“I don’t have the time or the money for marketing, I need to focus on running my business.” This is probably one of the most common complaints about marketing in the startup and small and medium enterprise (SME) world. Although different in their concepts and context, these two worlds face similar challenges, from finding the right people to execute a professional marketing strategy, to an almost daily need to respond to fierce competition. The list goes on, but all roads lead to Rome, or more specifically, all challenges start due to lack of money and/or time.
«The growth engine of the business»
Too many times these daily struggles and limitations turn marketing into a nice to have rather than the must-have it deserves to be as the growth engine of the business.

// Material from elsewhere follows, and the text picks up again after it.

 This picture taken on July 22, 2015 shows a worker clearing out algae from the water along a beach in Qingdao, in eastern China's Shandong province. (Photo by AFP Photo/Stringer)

Even then, with limited budgets and time, these smaller businesses need to make some tough decisions on where to focus their marketing efforts, because now more than ever, there are almost unlimited ways to promote their business. There’s offline marketing, with local advertising, branding, events, press releases, and trade shows as just a few examples. And then there is digital marketing with SEO (search engine optimization), social media posts and monitoring, influencers, email, PPC (pay per click), and more.
With so many choices and limited resources, as a startup or SME, promoting your business without a marketing strategy isn’t a viable option, you’re just betting on luck. It’s like playing roulette in the casino by spreading your chips across the table. You’re diversifying your options and associated risk by allocating fractions of your budget to different channels or targeting different types of personas, but in the end, you are not as confident as you would like to be that you are delivering the right message, to the right people, at the right time and place.

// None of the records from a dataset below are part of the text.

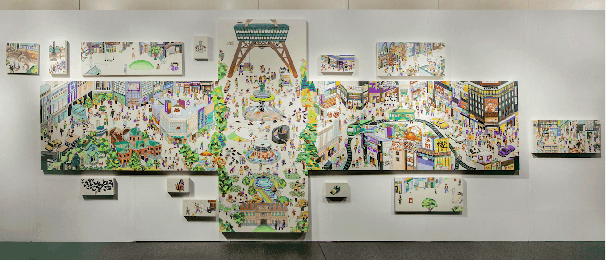 ※参考作品「札幌Life」札幌の街を歩き、取材しながらその日ごとに出会った方や出来事、印象的なお店や風景を描き足して出来上がった作品。今回のプロジェクトではH1mxW4mの画面に、参考作品の様に上下左右画面を足して描いていきます。
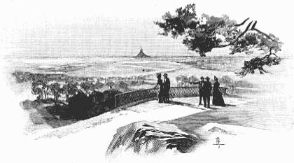 Среди этой желтой пустыни, еще пропитанной спадавшим приливом, километрах в двенадцати-пятнадцати от берега, вырисовывались величественные очертания остроконечной горы – причудливой пирамиды, увенчанной собором.
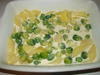 5. Das Kartoffel-Sahnegemisch in eine Auflaufform geben, den Rosenkohl dazutun.

Advertising without a marketing strategy can be a costly lesson. So, while it’s good to have alternatives, it’s crucial to fine-tune your approach to determine what’s best specifically for your brand.
Marketing is crucial
Logistics and operations are essential, but if the goal is sustainable growth and to stay relevant to your customer, then brand positioning marketing is the first step. Start by defining what business you are really in, what are you really selling to your customer.
Let’s have a look at the example of the travel accommodation market. All those companies are in the business of selling a place to stay right?

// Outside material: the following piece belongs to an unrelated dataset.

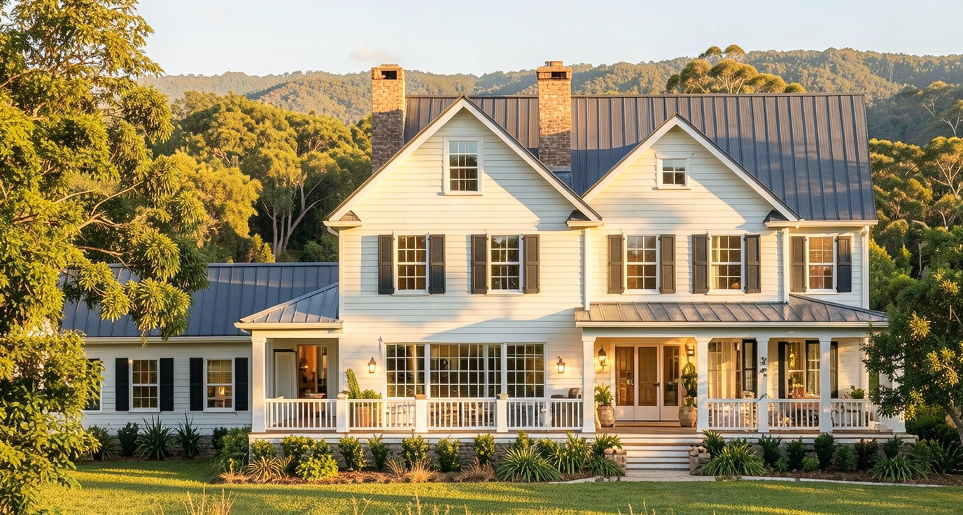 expansive southern estate with resort style backyard set on several acres of beautifully cleared and manicured land this stunning southern inspired estate blends timeless elegance with modern luxury the home s crisp white exterior accented by a sleek standing seam charcoal gray metal roof and striking black framed windows creates a sophisticated yet welcoming architectural statement the backyard is designed as a private resort retreat a sprawling contemporary looking square in ground pool serves as the centerpiece complete with a shallow sun shelf featuring built in reclining loungers for ultimate relaxation at the opposite end an elevated spa gently overflows into the pool adding both visual drama and tranquil ambiance contemporary poolside chaise lounges surround the water creating the perfect setting for entertaining or unwinding in style a fully equipped outdoor kitchen elevates the space even further offering a built in grill generous prep areas and bar seating ideal for hosting gatherings beneath open skies the grounds are thoughtfully landscaped to reflect a refined southern tropical aesthetic a mix of palmetto pindo mexican fan european fan and windmill palms adds texture and movement while crepe myrtles enhance the approach to the home majestic live oaks water oaks and loblolly pines provide iconic southern character complemented by layered ground foliage and lush manicured greenery this extraordinary property offers the privacy of a grand estate with the comfort and sophistication of modern luxury living make it the same as the sketch

So how did a startup like Airbnb become one of the biggest recent business success stories in the world? They started by accommodating a need for extra income for homeowners and a uniquely localized experience for travelers. While others were focused on the functional aspect of the market, Airbnb saw travelers not just as customers but as people who were not satisfied by the homogeneous market of travel accommodation. They started with functional benefits, of course; otherwise, they wouldn’t have been seen as a relevant player in the travel accommodations market. But to differentiate themselves from the rest of the pack, Airbnb integrated a more meaningful and engaging human experience (HX).
So, when asked which business Airbnb is really in, the answer is not the travel accommodation business, but the authentic local experience business. More specifically, they looked for customers who had a discovery and explore mindset. And this is what many tourists look for when planning their vacation.
But how can any company, including SMEs and startups, determine the business they are in, which customer target is the right target, what’s the perfect message, and where and when to promote it?
The Human-Centric Methodology
The answer is understanding humans, comprehending their lifestyle, behavior, needs, motivations, desires, fears, and most of all, their tensions. This is exactly what Airbnb did to identify a huge opportunity. But while big companies have the budget and the time to access Big Data from different database sources and delegate a team to gather real-time information, how can a smaller company like yours with limited resources take a human-centric approach, and identify and meet customer needs both functionally and emotionally without substantially increasing your marketing budget?
Shifting focus
The main thing you can do that doesn’t cost one more cent is to stop thinking about what you and your competition are doing and shift your focus to what the customer needs. Don’t rely on how different your product is and how word of mouth generates awareness. Even if you cross the first barrier and get the word out, you still need to build loyalty and make sure that the differentiating benefits of your product and brand offering don’t become meaningless.
The second step is to find alternative ways to gain insights into your customers’ needs (functional and emotional) without paying for costly databases. Usually, these alternatives or simplified versions might be considered incomplete or not as good. However, they have the same potential for SMEs and startups as Big Data has for corporations since the reality and the needs are different. SMEs tend to start local or with hands-on customer understanding because they live and work in close proximity to their customers. Startups usually talk directly to potential customers and aim for an open niche in the market. These two characteristics place you closer to your customer than the big guys and you can use that advantage to acquire data (customer surveys, after-sales support, etc.) and get even closer to understanding customer needs.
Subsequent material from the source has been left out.